Candi Prambanan mempunyai gugusan 16 bangunan di halaman pusat dan 244 perwara di sekelilingnya. Di halaman pusat terdapat 3 (tiga) buah candi utama, yaitu Candi Brahma, Candi Siwa, dan Candi Wisnu. Ketiga candi itu untuk memuja Dewa Trimurti atau tiga kekuatan Brahman. Dewa Brahma sebagai pencipta dengan sakati Dewi Saraswati atau Dewi Ilmu Pengetahuan; Dewa Wisnu sebagai pemelihara dengan sakti Dewi Laksmi atau Sri; Dewa Siwa sebagai perusak dengan sakti Dewi Durga. Memaknai keberadaan tiga dewa di dalam Trimurti tentu menggambarkan warna-warni kehidupan dan keyakinan yaitu unsur penciptaan, pemeliharaan, dan perusak. Dalam ranah bentuk dan simbol akan mempunyai konfigurasi dan pemaknaan yang berbeda. Sedangkan dalam ranah temporal seolah hal itu menjadi bagian dari putaran roda waktu yang dinamis dalam konteks gerak cakra manggilingan.
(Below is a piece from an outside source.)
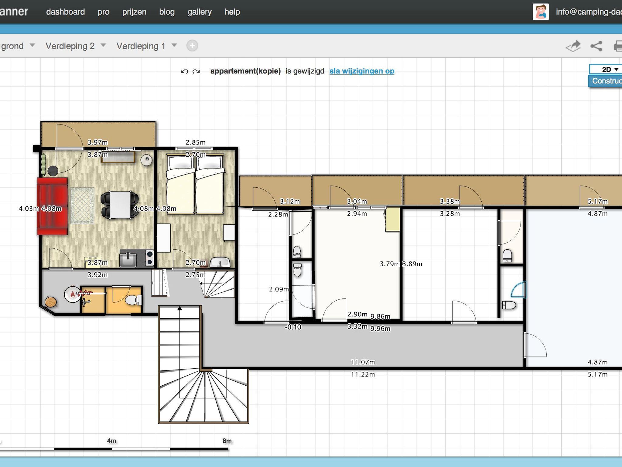 21 Quadratmeter mit Doppelbett 2 Meter x 1,80 Meter und Einzelbett 2 Meter x 1 Meter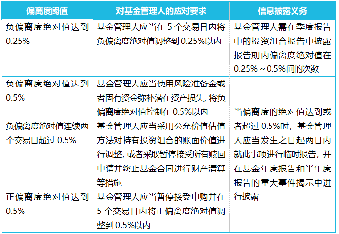 为避免账面价值与实际价格的差异过大,根据《货币市场基金监督管理办法》,货币基金需每个估值日计算偏离度,若偏离度绝对值超过某一水平,基金管理人应采取对应的措施来应对并履行信息披露义务,具体可以查阅下面的表格。

Bagi manusia di dalam mengantisipasi berbagai warna kehidupan dalam cakra manggilingan yang dinamis adalah bagaimana dapat mengkonfigurasikan perannya dengan mempertimbangkan asas keseimbangan.Wujud nyata peran manusia dalam kehidupan, seperti dikemukakan Abraham Maslow adalah sejauhmana dapat menunjukkan totalitas hidup sebagai wahana aktualisasi diri. Aktualisasi diri dengan mempertimbangkan asas keseimbangan diperlukan, agar apapun yang tercipta harus dipelihara untuk menjamin keberlanjutan, sehingga proses kerusakan akan dapat dikendalikan. Walaupun rusak itu pasti terjadi, karena sesuatu yang fana akan menjadi rengkuhan ketidakabadian. Terutama hal itu terwakili dalam proses perjalanan daur kehidupan yaitu tata kala matahari yang berjalan sesuai ritmenya. Ritme waktu layaknya perjalanan matahari sebagaimana yang dirasakan manusia, diawali terbit dari ufuk timur, puncak eksis pada siang hari, dan diakhiri surut di barat pada sore hari.
Dalam konteks Manjusrigrha kita akan mendapatkan inspirasi dari seorang Bodhisattwa yang berkuasa dalam membasmi kebodohan (avidya) dan dikaitkan dengan Amittabha dan Aksobhya yang bertangan dua. Tangan kanan membawa pedang untuk menebas kebodohan dan tangan kiri membawa buku atau pustaka sebagai Prajnaparamita sutra lambang kebijaksanaan untuk mengganti avidya menjadi vidya (Magetsari, 1981). Kebijaksanaan hidup yang mengutamakan penguasaan ilmu melalui proses literasi merupakan pijar-pijar kehidupan yang memicu perubahan ke arah kebaikan untuk menggapai perbaikan.